Permanent TSB (PTSB) has confirmed today (Monday, January 24) that it is to offer finance to farmers under the Brexit Impact Loan Scheme.

The €330 million Brexit Impact Loan Scheme (BILS) provides low-cost loans to eligible businesses, including farmers, that have been impacted by the UK’s decision to leave the European Union.

The scheme is open to businesses in the primary agriculture and seafood sectors and the loans are for terms of up to six years.

The BILS is delivered by the Strategic Banking Corporation of Ireland (SBCI) through participating lenders.

Permanent TSB

AIB, Bank of Ireland, and five Metamo Credit Unions already offer the low-cost loans ranging from €25,000 to €1.5 million.

The money can be used for working capital; investment and certain refinancing and unsecured loans of up to €500,000 are also available through the scheme.

Anyone wishing to apply for a loan must first seek eligibility approval from the SBCI.

Tánaiste and Minister for Enterprise, Trade and Employment, Leo Varadkar welcomed the decision by PTSB:

“This scheme gives our SMEs access to low-cost loans, should they need them, as the impacts of Brexit and the pandemic continue to be felt. The more options companies have the better and I’m really happy PTSB has decided to come on board,” he said.

Varadkar noted that companies in difficulty could avail of wage subsidies, commercial rates waivers and other direct grant funding.

landslide Minister McConalogue on Ireland's family farm system
Minister for Agriculture, Food and the Marine, Charlie McConalogue

Minister for Agriculture, Food and the Marine, Charlie McConalogue also said that the announcement by PTSB was positive as it would provide another lending option for farmers, fishers and food businesses.

“Businesses including those in the agri-food sector continue to adapt to counter the ongoing disruption arising from the UK’s withdrawal from the European Union,” the minister noted.

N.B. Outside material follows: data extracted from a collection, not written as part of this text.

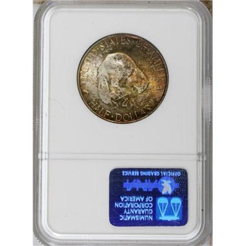 <B>1936 50C Albany MS67 NGC.</B></I> A tab-toned beauty with original orange-red and sea-green patina. Scintillating luster rolls across the unperturbed fields and devices. As of (7/07), NGC has certified just seven pieces finer.<BR><BR><b>Shipping:</b> Coins & Currency (<a target="_blank" href="http://www.heritageauctions.com/common/shipping.php">view shipping information</a>)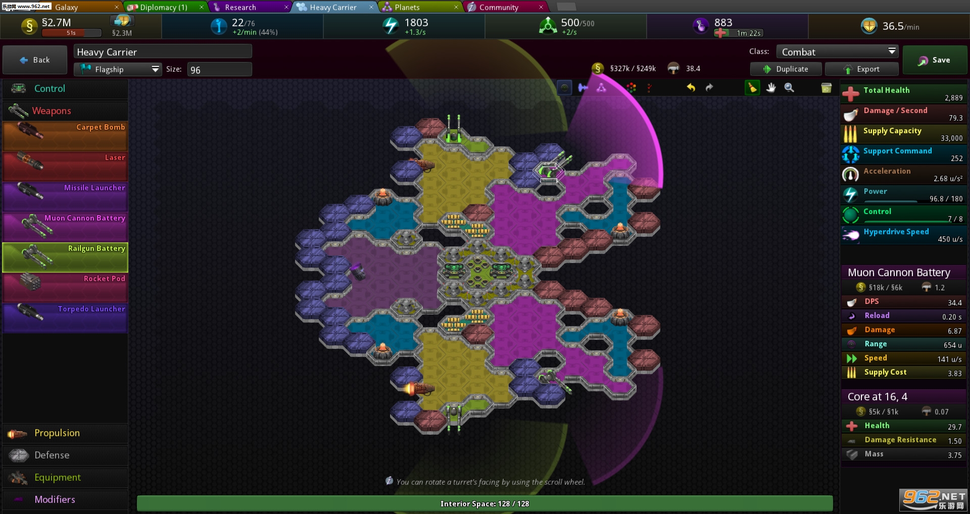 5、优秀的舰船设计。舰船设计一直是太空4X最让人热衷的部分之一,当年太空帝国系列的舰船设计模式给了我很大的震撼,而SR1的圆形设计则更是让人眼前一亮。这一代有很大的变化,首先是原形的外框不见了,取而代之的是……什么框都没有了!以六边形为一个基本单位,每一艘舰船的结构可以随意设计,一艘船的六边形数量是有限的,每一个组件所占用的六边形数量则决定了它的性能。而结构决定了生存率,将装甲置于外层可以优先承受攻击,但是这不代表武器和引擎就可以安然藏在内部,因为大部分的武器和引擎都需要将核心置于船体的最外侧。但是可自由设计的只有结构,舰船实际的外形会根据设计图的样子自动选择模型,或者手动选择。而目前模型的数量非常少,期待官方和mod作者们的更新。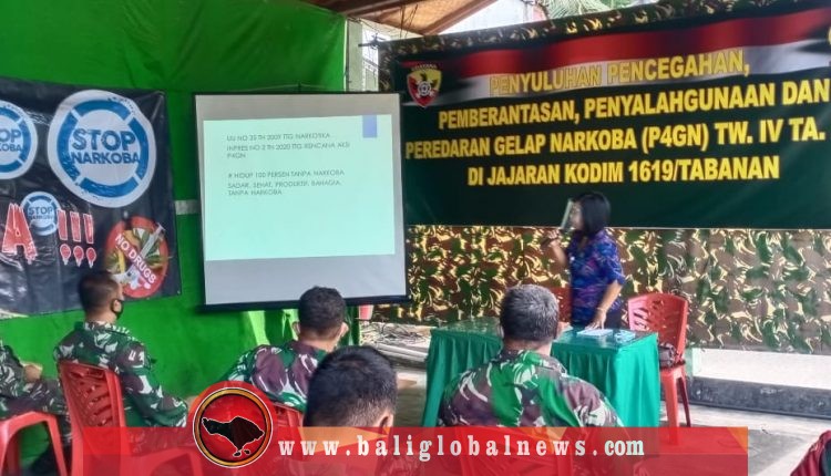 Pihaknya juga memberilan penyuluhan dan sosialisasi bahaya narkoba kepada Personel Militer dan PNS Kodim 1619/Tabanan bersama Pemerintah Daerah dan Polres Tabanan.

Meanwhile, Minister for Finance Paschal Donohoe added: “The government remains committed to supporting our SME sector, including primary producers, who are facing the twin challenges of COVID-19 and Brexit.”

CEO of Permanent TSB, Eamonn Crowley, explained that the decision shows the bank’s ambition to significantly grow its SME business.

“The €32 million lending capacity we are bringing to Brexit-impacted businesses will help both new and existing SME customers to tackle the challenges they face and support investment in making these businesses stronger,” Crowley outlined.

Lenders participating in the scheme are separated into two cohorts in terms of the interest rates offered.

For the first, interest rates are variable, but capped at an initial maximum rate of 3.7% for loans less than €250,000 and 2.75% for loans of €250,000 and above.

For loans from the remaining lenders, a minimum discount of 1% relative to their standard rates is required for loans under the BILS.